Les occupants réclament la réouverture des salles de théâtres et de l’ensemble des lieux culturels avec protocole sanitaire, un plan massif d’investissement pour la culture, et le prolongement de l’année blanche le temps nécessaire à une réelle reprise d’activité. Ces mesures d’urgence s’imposent, et une nécessaire planification aurait pu éviter de sacrifier la culture.

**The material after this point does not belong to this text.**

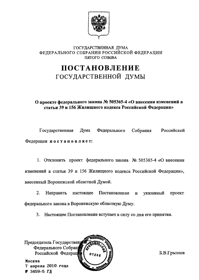 ПОСТАНОВЛЕНИЕ ГД ФС РФ от 07.04.2010 N 3459-5 ГД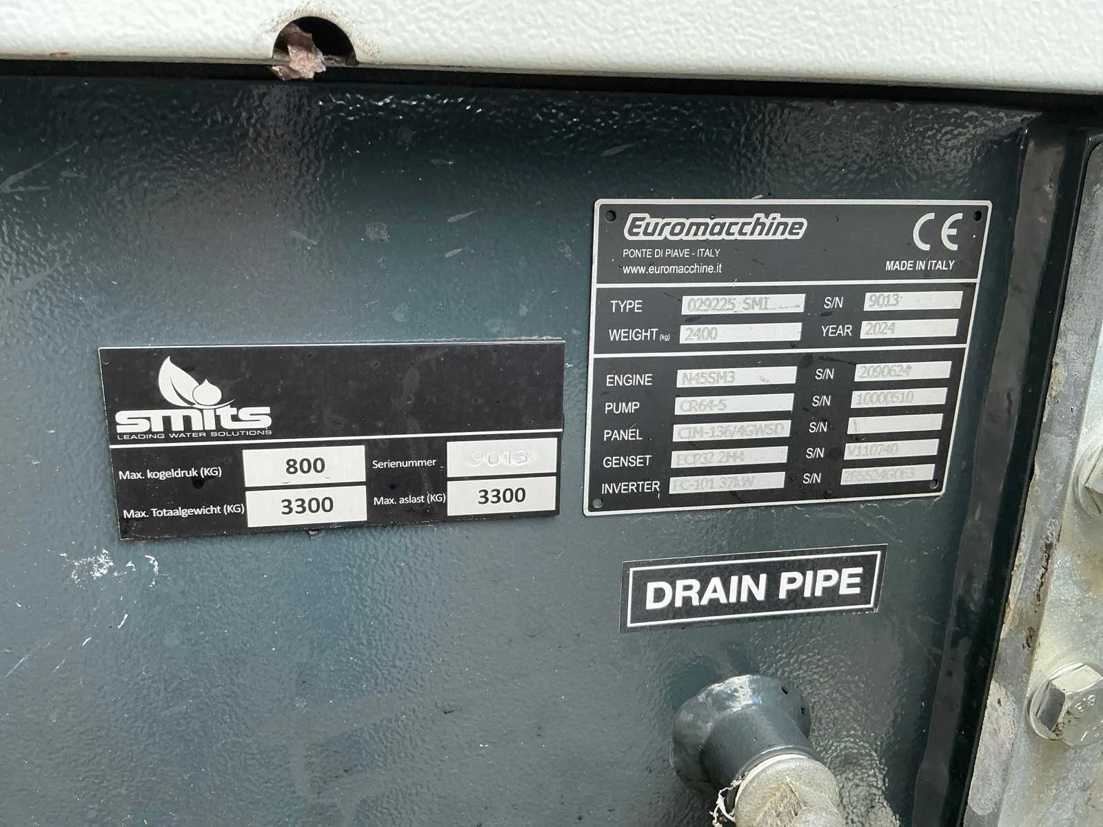 Voorzien van: Nederlands kenteken: LRR-87-H, Merk. Met 37kw electro motor, fabrikant Euromacchine (Italië), distributie door Smits, Type 029225 SML, Serienummer 9013, Bouwjaar 2024, Gewicht 2400 kg, Motor N45SM3 (FPT/Iveco 4-cilinder dieselmotor, ca. 74–110 kW Pomp CR64-5 (centrifugaalpomp, geschikt voor grote waterhoeveelheden), Paneel CIM-136/4G/WSD (besturingspaneel met monitoring), Aggregaat (genset) ECP2 2M4 (generator, stroomvoorziening voor besturing en accessoires), Inverter FC-101 37 kW (frequentieregelaar voor toerentalregeling), Max. kogeldruk 800 kg, Max. totaalgewicht 3300 kg, Max. aslast 3300 kg. No Merk: Euromacchine Type: 029225_SMI Bouwjaar: 2024 Serienummer: 9013 Motorvermogen (kW): 110kW Afgelezen urenstand: 548 Eigen gewicht: 2400kg Totale afmeting L: 4600mm Totale afmeting Breedte: 1700mm Totale afmeting Hoogte: 2800mm

Pour l’abrogation de la réforme de l’assurance chômage, contre la précarisation en marche

La macronie a remis sur la table la réforme de l’assurance chômage, qui doit entrer en vigueur le 1er juillet 2021. Dans un contexte de triple crise : crise sanitaire, crise sociale et crise psychologique. Si la mobilisation de celles et ceux qui occupent les théâtres prend une telle ampleur, c’est aussi que les intermittents du spectacle, comme celles et ceux du tourisme et de la restauration (les “extras”), guides conférenciers etc qui occupent les théâtres, ont choisi de se mobiliser pour l’abrogation de cette contre-réforme libérale.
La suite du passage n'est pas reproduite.